Supplied information: Begin

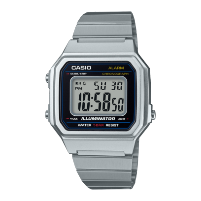 El Casio B-650WD-1A reinterpreta el encanto vintage con una caja más grande y una presencia más marcada. Su estética mezcla lo retro con lo actual: acero ligero, un diseño cuadrado definido y detalles de color que evocan los 80. Robusto, cómodo y altamente funcional, es el compañero ideal para quienes buscan un digital clásico con una presencia más sólida en la muñeca.
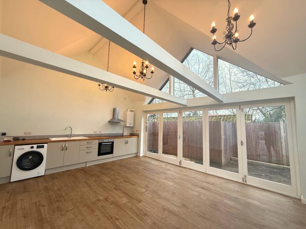 and exposed beams that create a wonderful sense of space. Large floor-to-ceiling windows and glazed doors flood the room with natural light and provide direct access to the private outdoor area. The open-plan layout incorporates a modern fitted kitchen complete with integrated oven, extractor hood, generous worktop space, and appliance areas, making it ideal for both everyday living and entertaining.The accommodation also includes two well-proportioned rooms finished with neutral décor, modern lighting, and quality flooring throughout, allowing tenants to move in and make the space their own with ease. The master bedroom also benefits from an en-suite shower room in addition to the family bathroom.Skylights throughout the property further enhance the bright and airy atmosphere.Outside we have a newly turfed area with patio to the rear. This property is available mid-March for a long-term occupancy. Call now to register your interest![Stowmarket]
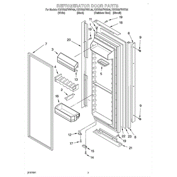 Parts for Kitchenaid KSRB22FHWH05: 05 - Refrigerator Door Parts

Supplied information: End

[Exercise]
Copy the data word for word, no pictures.

[Completed task]
 El Casio B-650WD-1A reinterpreta el encanto vintage con una caja más grande y una presencia más marcada. Su estética mezcla lo retro con lo actual: acero ligero, un diseño cuadrado definido y detalles de color que evocan los 80. Robusto, cómodo y altamente funcional, es el compañero ideal para quienes buscan un digital clásico con una presencia más sólida en la muñeca.
 and exposed beams that create a wonderful sense of space. Large floor-to-ceiling windows and glazed doors flood the room with natural light and provide direct access to the private outdoor area. The open-plan layout incorporates a modern fitted kitchen complete with integrated oven, extractor hood, generous worktop space, and appliance areas, making it ideal for both everyday living and entertaining.The accommodation also includes two well-proportioned rooms finished with neutral décor, modern lighting, and quality flooring throughout, allowing tenants to move in and make the space their own with ease. The master bedroom also benefits from an en-suite shower room in addition to the family bathroom.Skylights throughout the property further enhance the bright and airy atmosphere.Outside we have a newly turfed area with patio to the rear. This property is available mid-March for a long-term occupancy. Call now to register your interest![Stowmarket]
 Parts for Kitchenaid KSRB22FHWH05: 05 - Refrigerator Door Parts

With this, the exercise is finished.